Dantian Lu Changsheng hampir penuh, siap membuka Istana Dao dan melangkah ke Alam Istana Dao.
“Murid berterima kasih kepada Guru atas inisiasi penyaluran kekuatan.”
Lin Qingzhi masih dipenuhi rasa syukur. Dalam pandangannya, setiap kali Lu Changsheng selalu mengorbankan kultivasinya sendiri demi membantunya meningkat.
“Setelah kembali, selain memurnikan Energi Spiritual, kamu harus terus melatih Teknik Taxuan. Setelah Teknik Taxuan disempurnakan, gurumu akan mengajarkan teknik kultivasi yang lebih mendalam lagi.”
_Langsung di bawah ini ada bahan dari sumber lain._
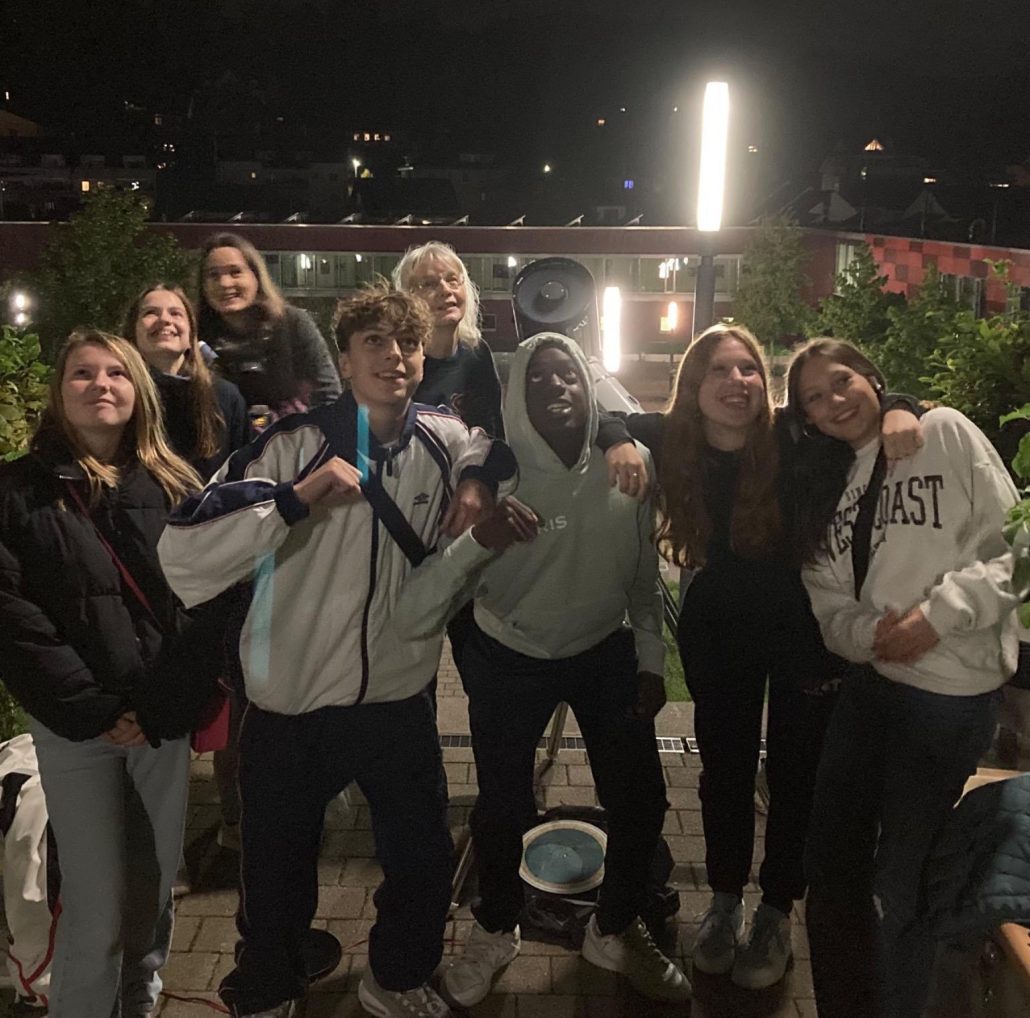 Frau Thiering gab uns die große Gelegenheit, die Andromedagalaxie und Saturn durch das Fernrohr der Schule zu beobachten. Die guten Sichtbedingungen dieses Abends ermöglichten es sogar, dass wir die schwächer leuchtenden Außenbereiche der Andromeda Galaxie, die sich noch weit über das Sichtfeld des Fernrohr-Okulars hinaus erstreckten, sehen konnten .Auch die Ringstruktur von Saturn war deutlich zu erkennen.

Teknik Taiqing Wuji adalah teknik tingkat Langit. Dengan alam Lin Qingzhi saat ini, ia belum mampu memahaminya; mengajarkannya sekarang juga tidak akan menghasilkan hadiah pengajaran.
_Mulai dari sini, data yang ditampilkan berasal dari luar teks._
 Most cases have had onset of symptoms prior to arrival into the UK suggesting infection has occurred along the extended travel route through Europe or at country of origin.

“Murid akan mengingatnya.”
“Ini adalah artefak spiritual tingkat atas bernama Pedang Abyss Hijau. Gurumu menganugerahkannya kepadamu sebagai perlindungan. Ini akan menjadi Pedang Terbang pertamamu. Dengan alammu saat ini, mengaktifkan artefak spiritual tingkat atas sudah merupakan batas.”
Dengan satu pikiran dari Lu Changsheng, sebuah pedang berharga terbang keluar dari kediaman gua, terbungkus sarung kayu hijau kuno.
“Terima kasih, Guru.”
Lin Qingzhi sudah hampir mati rasa.
Gurunya tidak pernah menyembunyikan apa pun darinya—bukan hanya memberikan inisiasi penyaluran kekuatan, tetapi juga terus-menerus menghadiahkan berbagai harta.
Bahkan jika ia menolak kebaikan gurunya, ia justru akan dimarahi.
Apakah semua ini hanya mimpi?
“Dalam empat tahun, kamu akan menghadapi sebuah ujian hidup dan mati. Kamu harus berlatih dengan sungguh-sungguh untuk melewatinya.”
Karena telah mensimulasikan kehidupan Lin Qingzhi, Lu Changsheng telah melihat bencana yang akan datang, maka ia pun memperingatkannya.
“Ya…”
Mata Lin Qingzhi dipenuhi kekaguman saat memandang Lu Changsheng.
Gurunya bisa meramalkan masa depan, dan inisiasi penyaluran kekuatan baginya semudah makan dan minum. Mungkinkah Lu Changsheng sudah menjadi seorang Santo?
“Kamu boleh pergi dan berkultivasi sekarang.”
“Murid pamit.”
[Ding, kamu telah menghadiahkan artefak spiritual tingkat atas Pedang Abyss Hijau kepada muridmu ‘Lin Qingzhi’, dan menerima hadiah pengembalian seribu kali lipat: Harta Roh Bawaan tingkat rendah ‘Pedang Petir Kekaisaran Sembilan Langit’.]